### Task requirements
Produce an exact transcription of the listing below, omitting the pictures.

### Data supplied
=== Section Start ===

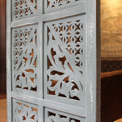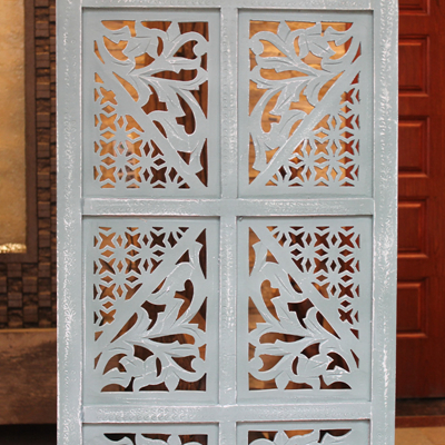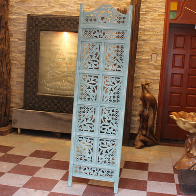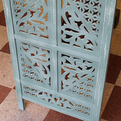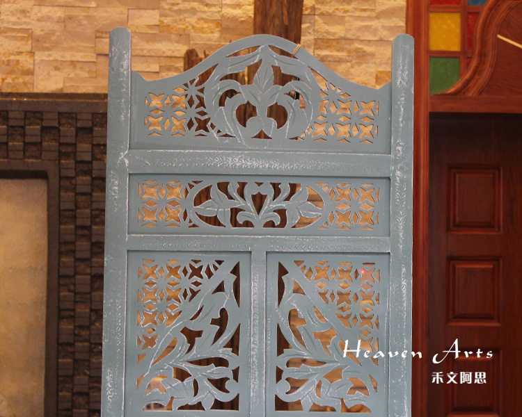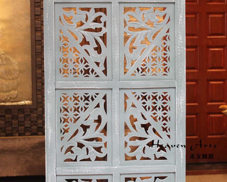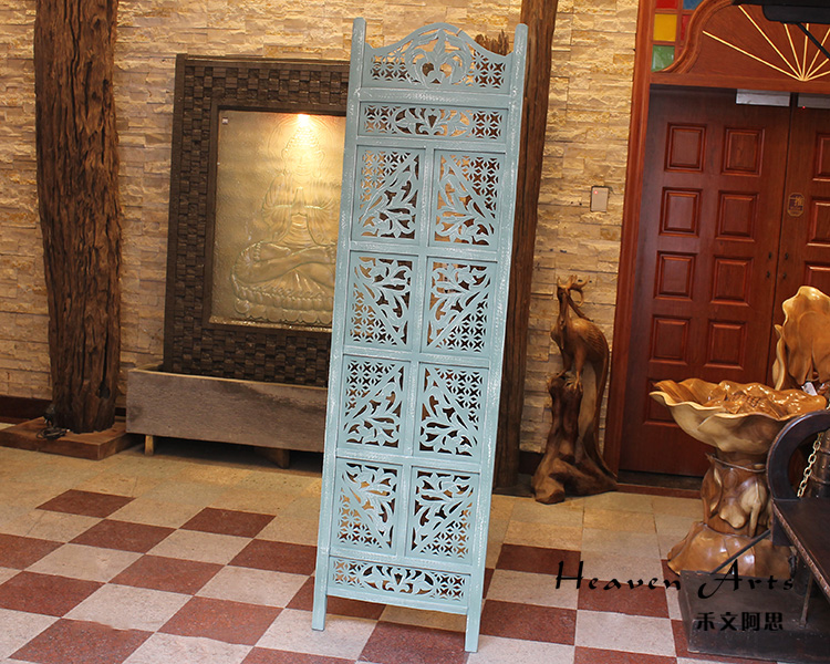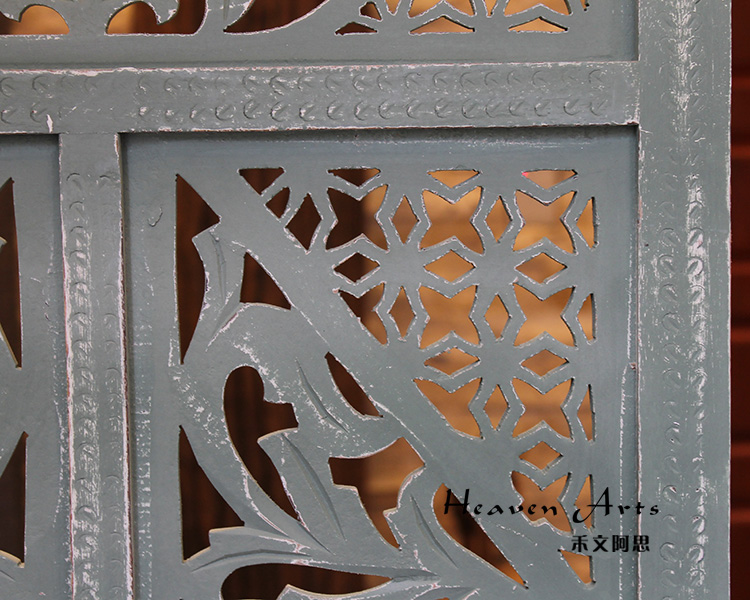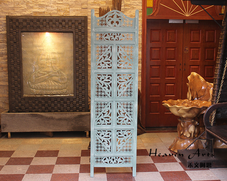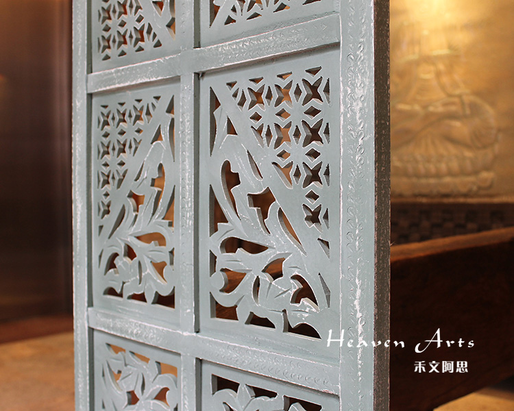 半米宽的单片精雕芒果木屏风,清新之花绽放其中,呈现出一种和谐宁静之美。双面镂空雕刻的花屏风,彰显着能工巧匠的非凡技艺,同时也赋予了屏风多角度观赏的精致美感。屏风顶上花边造型的宝顶样式,描绘出浪漫雅致的南亚之风。花顶之下的雕花形成三个别致的圆,圆内分别绽放枝繁叶茂的花,花叶繁盛清新,美感十足。同时条纹与波浪纹的相互搭配,将几何元素演绎的异常清美,而边框上的三角雕花,则使屏风的细节也趋于完美。手工雕刻的花卉,搭配镂空精致的雕琢,使稀稀疏疏的光线得以穿透,为芒果屏风蒙上清雅美好的氛围。
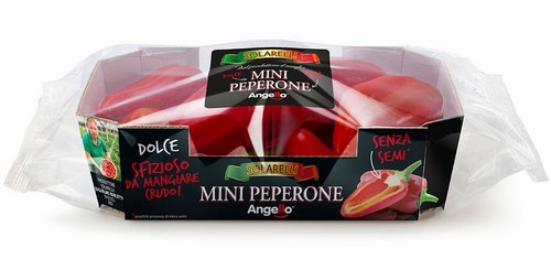 Angello Solarelli è il primo peperone dolce snack e senza semi, sul mercato italiano. Particolarmente gustoso e delicato, si adatta al consumo veloce, fresco, nei momenti diversi della giornata. Pronto in insalata, per gli aperitivi e i cocktail è un prodotto super salutistico, buono e bello da vedere.
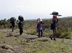 It is also wide-spread in Africa. Women in particular may have practical reasons for carrying on the head. For many African women it is "well-suited to the rough, rural terrain and the particular objects they carry—like buckets of water and bundles of firewood". The practice is usually not abandoned after migrating to urban areas where their daily routines, and socially accepted practices, are different. In Ghana, affluent residents of the southern cities employ young women who migrate from the poorer northern region to work as "head porters", called kayayei, for $2 a day.[3] In East Africa, Luo women may carry loads of up to 70% of their own body weight balanced on top of their heads. Women of the Kikuyu tribe carry similar heavy loads, but using a leather strap wrapped around their forehead and the load to secure it while it is carried . This results in a permanent groove in the forehead of the women. However, there is no evidence of other harmful effects on the health of women who carry heavy loads on top of their heads. Researchers speculate that training from a young age may explain this. Up to 20% of the person's body weight can be carried with no extra exertion of energy.[4] Other researchers have shown that African and European women carrying 70% of their body weight in controlled studies used more oxygen while head-carrying, in contrast to carrying a load on their backs. The research did not support the notion that head-loading is less exerting than carrying on the back, "although there is some evidence of energy saving mechanisms for back-loading at low speed/load combinations".[5]
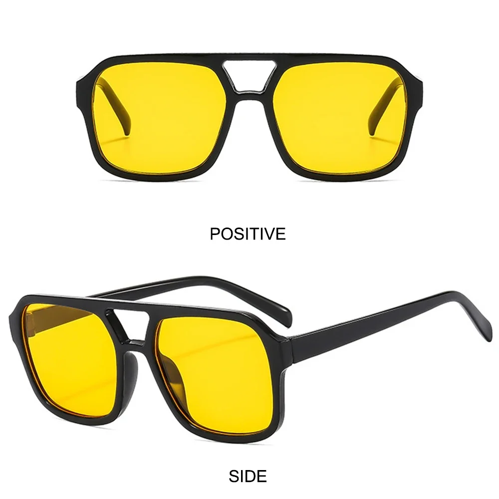 Vintage Double Bridge Yellow Sunglasses Women Oversized Square Frame Luxury Shades Sun Glasses Female Pilot Eyewear
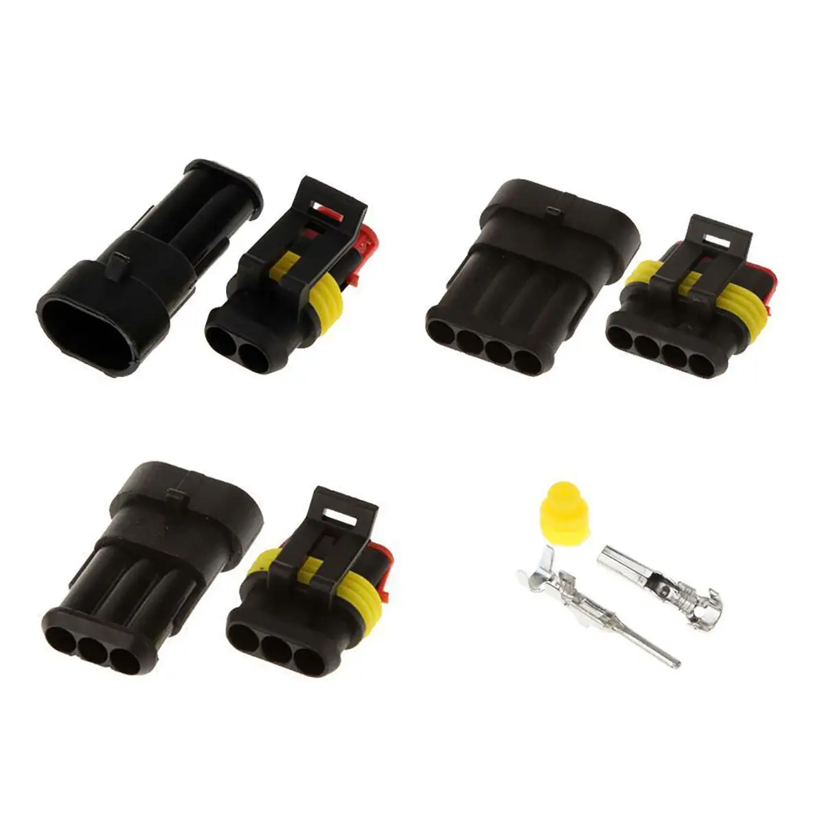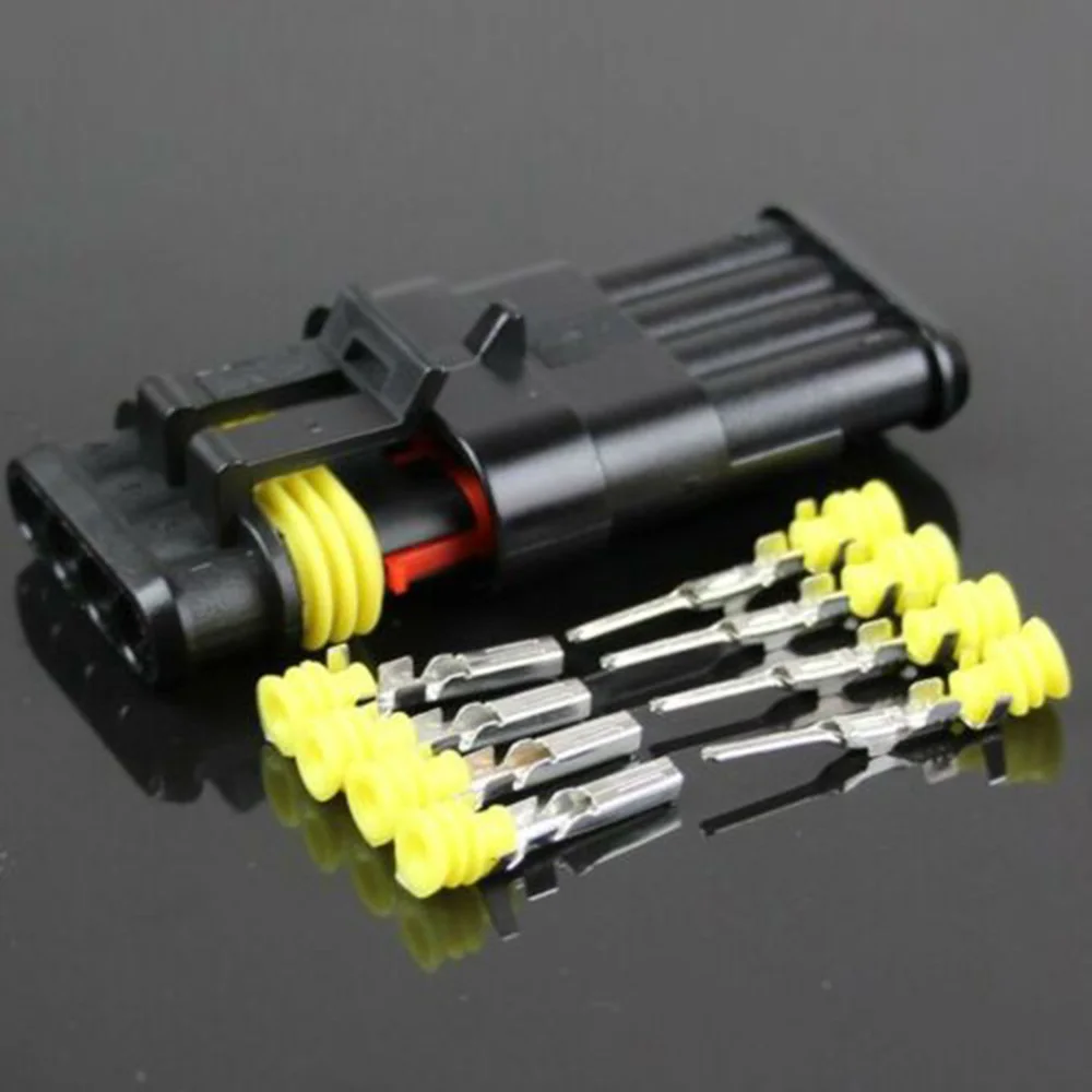 5 комплектов из 4 контактных разъемов включает в себя: 5x штекерные корпуса + 5x гнездовые корпуса + 20x штырьки + 20x гнездовые контакты + 40x силиконовые водонепроницаемые вилки

=== Section End ===

### Task answer
 半米宽的单片精雕芒果木屏风,清新之花绽放其中,呈现出一种和谐宁静之美。双面镂空雕刻的花屏风,彰显着能工巧匠的非凡技艺,同时也赋予了屏风多角度观赏的精致美感。屏风顶上花边造型的宝顶样式,描绘出浪漫雅致的南亚之风。花顶之下的雕花形成三个别致的圆,圆内分别绽放枝繁叶茂的花,花叶繁盛清新,美感十足。同时条纹与波浪纹的相互搭配,将几何元素演绎的异常清美,而边框上的三角雕花,则使屏风的细节也趋于完美。手工雕刻的花卉,搭配镂空精致的雕琢,使稀稀疏疏的光线得以穿透,为芒果屏风蒙上清雅美好的氛围。
 Angello Solarelli è il primo peperone dolce snack e senza semi, sul mercato italiano. Particolarmente gustoso e delicato, si adatta al consumo veloce, fresco, nei momenti diversi della giornata. Pronto in insalata, per gli aperitivi e i cocktail è un prodotto super salutistico, buono e bello da vedere.
 It is also wide-spread in Africa. Women in particular may have practical reasons for carrying on the head. For many African women it is "well-suited to the rough, rural terrain and the particular objects they carry—like buckets of water and bundles of firewood". The practice is usually not abandoned after migrating to urban areas where their daily routines, and socially accepted practices, are different. In Ghana, affluent residents of the southern cities employ young women who migrate from the poorer northern region to work as "head porters", called kayayei, for $2 a day.[3] In East Africa, Luo women may carry loads of up to 70% of their own body weight balanced on top of their heads. Women of the Kikuyu tribe carry similar heavy loads, but using a leather strap wrapped around their forehead and the load to secure it while it is carried . This results in a permanent groove in the forehead of the women. However, there is no evidence of other harmful effects on the health of women who carry heavy loads on top of their heads. Researchers speculate that training from a young age may explain this. Up to 20% of the person's body weight can be carried with no extra exertion of energy.[4] Other researchers have shown that African and European women carrying 70% of their body weight in controlled studies used more oxygen while head-carrying, in contrast to carrying a load on their backs. The research did not support the notion that head-loading is less exerting than carrying on the back, "although there is some evidence of energy saving mechanisms for back-loading at low speed/load combinations".[5]
 Vintage Double Bridge Yellow Sunglasses Women Oversized Square Frame Luxury Shades Sun Glasses Female Pilot Eyewear
 5 комплектов из 4 контактных разъемов включает в себя: 5x штекерные корпуса + 5x гнездовые корпуса + 20x штырьки + 20x гнездовые контакты + 40x силиконовые водонепроницаемые вилки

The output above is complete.